Alexander dropped the note on his desk, sat back in his chair, and stroked his coarse white beard. It had been less than twenty-four hours ago the former emperor had shared a glass of brandy with the former king. The toast was to the respective thrones they would one day soon occupy again.
Alexander Golitsyn, the former sovereign of a once-mighty empire, was living on the precariously thin line between the long meandering phase of his middle years and the relatively short terminus of life called old age. That he was at a point when even looking in a mirror was a grim reminder of his own mortality wasn't helped by all the memorabilia around meant to remind him of his one sole mission in life, to reclaim the throne of a now nonexistent empire.
It was a mission he'd been failing at for nearly forty years if he hadn't won back his family's throne by this point, then when would it ever happen?

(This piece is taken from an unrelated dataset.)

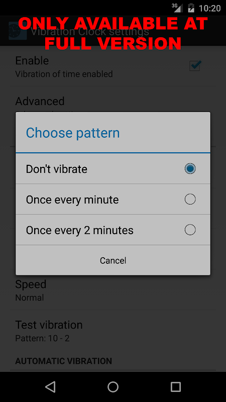 หากคุณต้องการตั้งค่ารูปแบบการสั่นสะเทือนโปรดซื้อนาฬิกาสั่นสะเทือน (ฉบับเต็ม) http://market.android.com/details?id=at.idsoftware.vibrationclock

That was the question the unblinking eyes of the resplendent men in the portraits that hung in every room of the house seemed to be asking him.
Alexander had many moments like this before. He would give up and slip into a depression then after a bit of time had passed rally again and throw himself back into his work. At least for a while.

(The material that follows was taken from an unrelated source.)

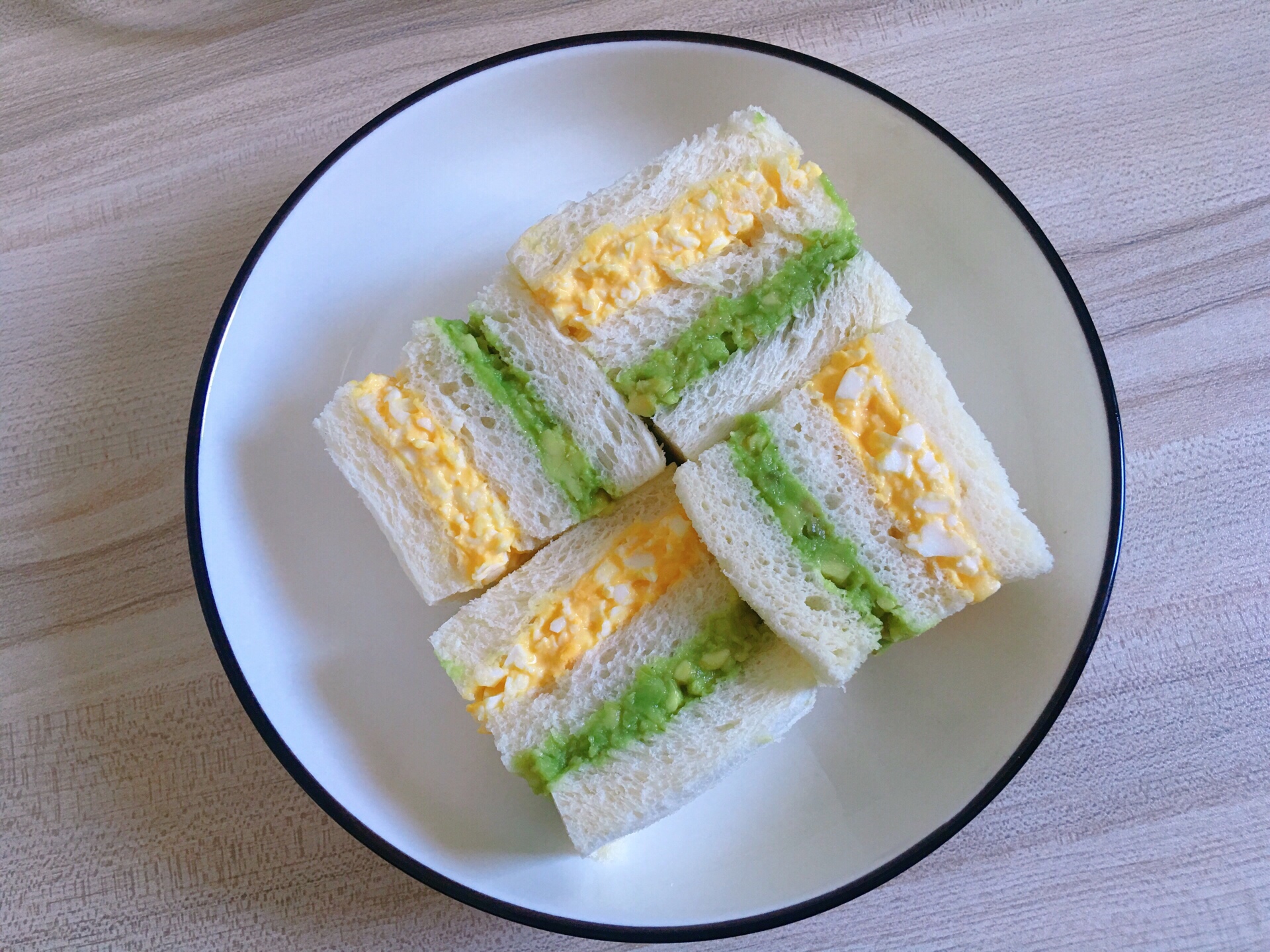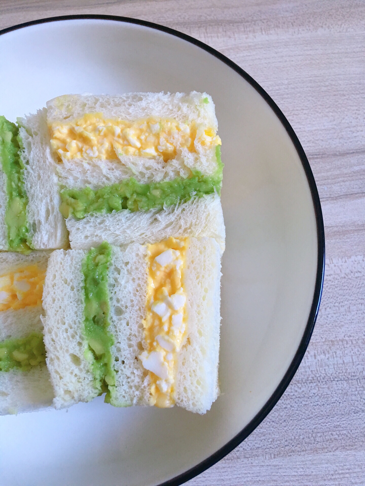 3⃣吐司去边,一片抹上芝士鸡蛋沙拉,一片抹上午牛油果酱,叠在一起,再盖上一片吐司,最后切开就好了~真的简单又好吃!一定要试试啊😊#早安,我的元气早餐##宅家晒美食##自制美食##减脂减肥吃这些#@MT小助手 @MT情报局

There was another knock a the door. "Alex, the Grand Marshal, requests your audience." Alexander's wife, Maria, answered.
"Tell the Marshal I have no need for him, and he should consider himself relieved of his duties!" Alexander huffed.

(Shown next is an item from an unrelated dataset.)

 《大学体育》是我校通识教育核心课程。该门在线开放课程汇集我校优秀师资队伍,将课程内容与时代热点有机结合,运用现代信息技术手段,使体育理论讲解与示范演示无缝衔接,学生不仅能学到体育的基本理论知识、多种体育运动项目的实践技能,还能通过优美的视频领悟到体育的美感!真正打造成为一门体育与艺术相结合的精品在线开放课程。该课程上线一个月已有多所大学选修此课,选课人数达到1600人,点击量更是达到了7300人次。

"Well, he came all this way. Have you not a minute to spare?" Maria asked sweetly.
Grand Marshal Radetzky was the supreme commander of Alexander's nonexistent army. The same army he planned to use to reclaim his empire. Radetzky was ancient indeed. Already middle-aged himself when Alexander was deposed, he could imagine no other life, and like Alexander, he had grown old waiting for what was to be again.
As an old soldier, Radetzky knew a thing or two about raising a man's spirits. After a couple hours and a bottle of vodka, Alexander had regained some of his confidence. He was listening to the Marshal's proposal, something about landing men in canoes bought with money from a Swiss bank account. At least that was the gist Alexander got. By the time Radetzky got to the map, he was too drunk to speak.
"But how can we bring cannons in canoes?" Alexander asked with a vacant grin on his face.
"Easy! We'll drag them behind the canoes. They'll float in the water!" Radetzky insisted.
"Wouldn't the canoes just sink?" Alexander asked.
"No, no, they'll float in the water," Radetzky said as he stumbled into the wall.
There was a knock at the door, and Alexander motioned for the drunk Marshal to keep down the volume.
"Yes, what is it?"
Maria opened the door. She was 39 years old. Quite a bit younger than her husband and about two generations removed from Radetzky. She was quite pretty by and standards. She was slender and well-poised, with light olive skin and ebony curls that hung just above her enchanting green eyes.
"Alex-your highness," she began again. "It is late, and I'm afraid the walls aren't thick enough to keep the noise of your council meeting out of the bedroom. Perhaps it is time to adjourn?"
Radetzky seemed to instantly sober up. He stood in stunned silence, shifting his glace back and forth from his sovereign to his wife.
"You presume to give orders to your Emperor?" Alexander asked menacingly.
"I am sorry, but it is a bit late to be up playing soldier," Maria fired back.
Alexander flinched at the words, and Radetzky was visibly trembling.
"Marshal Radetzky!" Alexander barked.
"Yes, your majesty!" Radetzky snapped to attention. His old knees gave out slightly, but he stopped himself from falling.
"You are dismissed. I'm afraid I must remind my wife how to behave as an empress!"
"Of course, sire!" Radetzsky said. The Marshal gave a final salute and quickly left the room. Alex stared silently until he heard Radetzky's heavy footsteps leave the staircase and go out the door, then the old man burst into tears.
"Now now it's ok, shhh," Maria whispered as she cradled her sobbing husband.
Once he was done, Maria helped put him to bed. The drunken Alexander fell flat on his back, mumbling incoherently.
"You know you may not have an empire, but compared to most, your life isn't so bad," Maria whispered.
Alexander's eyes fluttered while the vodka carried him off to sleep and into a new day without any purpose.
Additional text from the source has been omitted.